Why You Can’t Buy Bottles of One of America’s Best Beers in New Hampshire
Good luck grabbing a bottle of Founders Breakfast Stout in New Hampshire. Despite being considered a seminal craft beer with a perfect 100 out of 100 rating on Beer Advocate, the state wants nothing to do with four-packs of the stuff. It has nothing to do with Founders—the Michigan-based brewery’s beers are readily available across the state. It doesn’t even have anything to do with the beer. The problem is the bottle.
Founders Breakfast Stout’s label features a baby eating oatmeal, and New Hampshire law strictly prohibits images of minors from appearing on alcohol labels. Republican state Representative and tavern owner Keith Murphy sponsored a bill that would have turned approval of this type of beer packaging over to the New Hampshire Liquor Commission, effectively giving beers like Breakfast Stout a chance at approval, specifically because he wanted to buy the product. But despite passing the local legislature, Democratic Gov. Maggie Hassan vetoed the bill. This is why we hate partisan politics.

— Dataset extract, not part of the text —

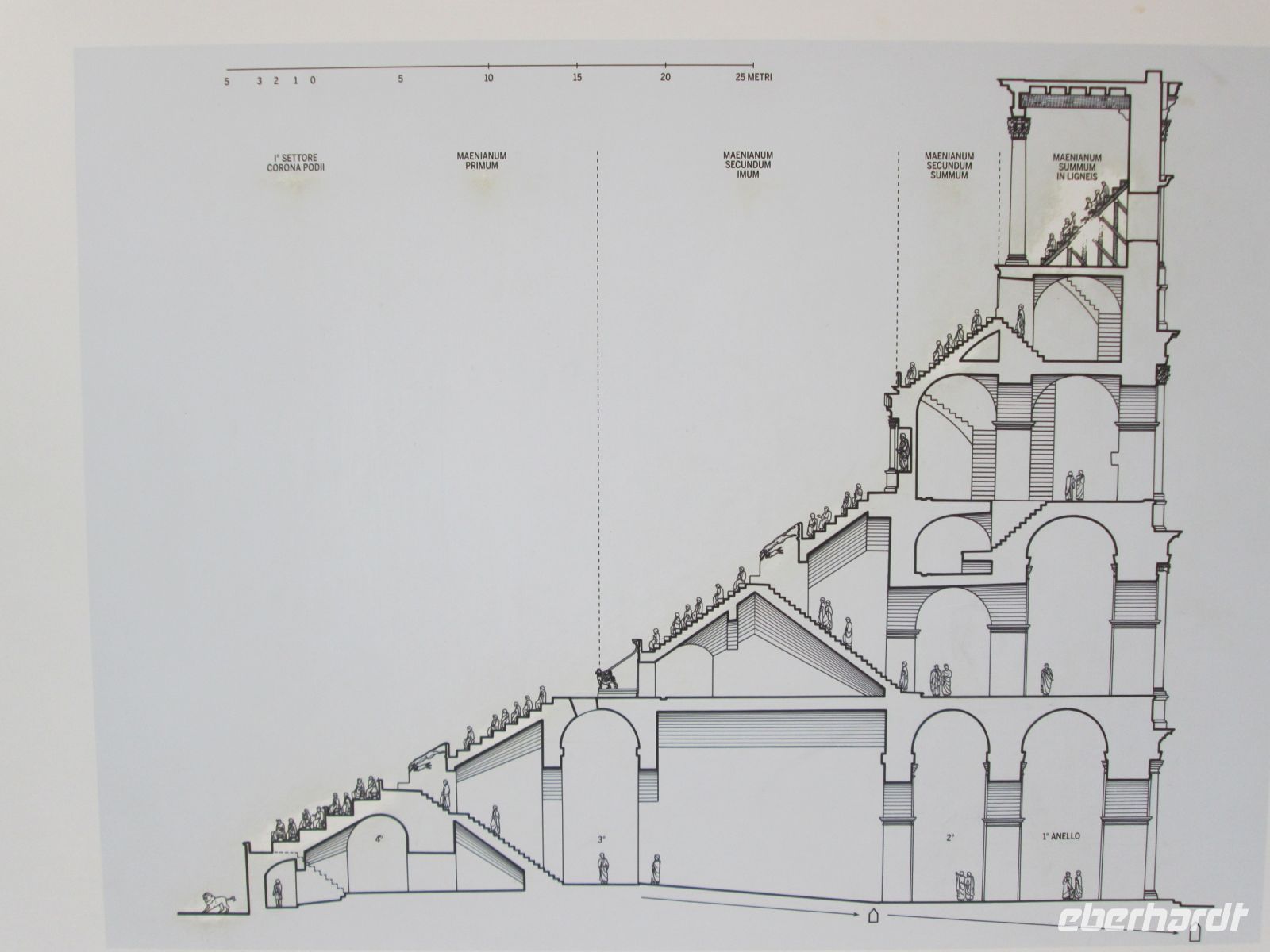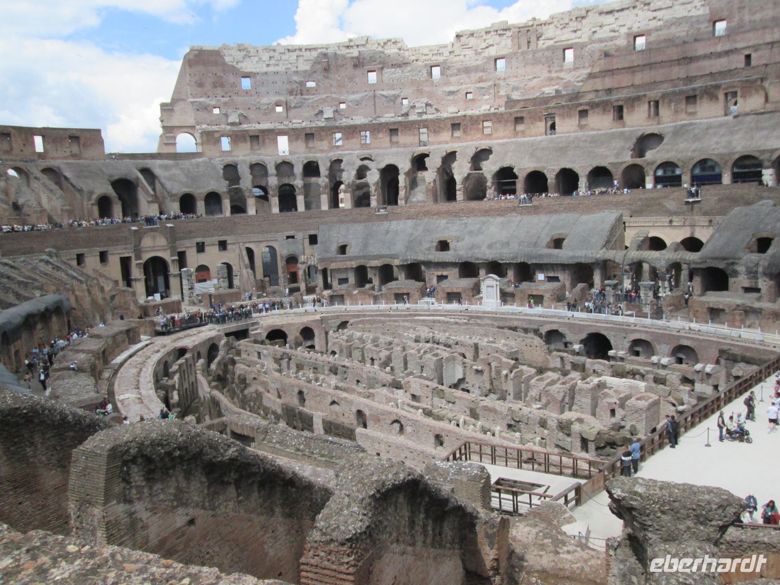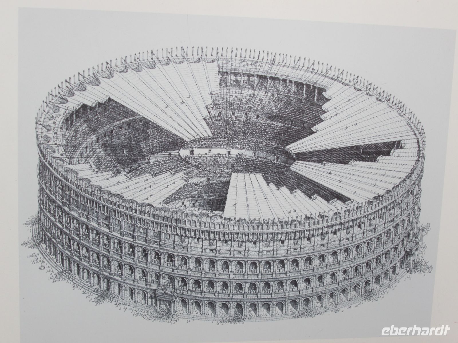 Das flavische Amphitheater, besser bekannt als Kolosseum, wurde nach kurzer Bauzeit im Jahre 80 eröffnet. Panem et Circenses, mit Brot und Spielen sollte fortan in diesem Bauwerk das Volk von Rom unterhalten werden. Bis zu ca. 60000 Zuschauer, die Schätzungen gehen weit auseinander, konnten Tierhetzen und Gladiatorenkämpfen, vielleicht auch Seeschlachten, beiwohnen.

The rule against including pics of youngsters on booze is intended to prevent alcohol brands from targeting minors—a rule that’s enforced on a federal level. Murphy believes New Hampshire’s state law goes too far. “No reasonable person would believe that this label is intended to appeal to minors in any way,” WMUR quoted him as saying. Meanwhile, Gov. Hassan feels it’s still a public health issue. “Substance misuse, including alcohol misuse, continues to be one of the major public health and safety challenges facing us as a state,” she said.
The good news for Breakfast Stout lovers: There’s no law against serving the beer on draft. You just have to find a solid pub that’s open for breakfast.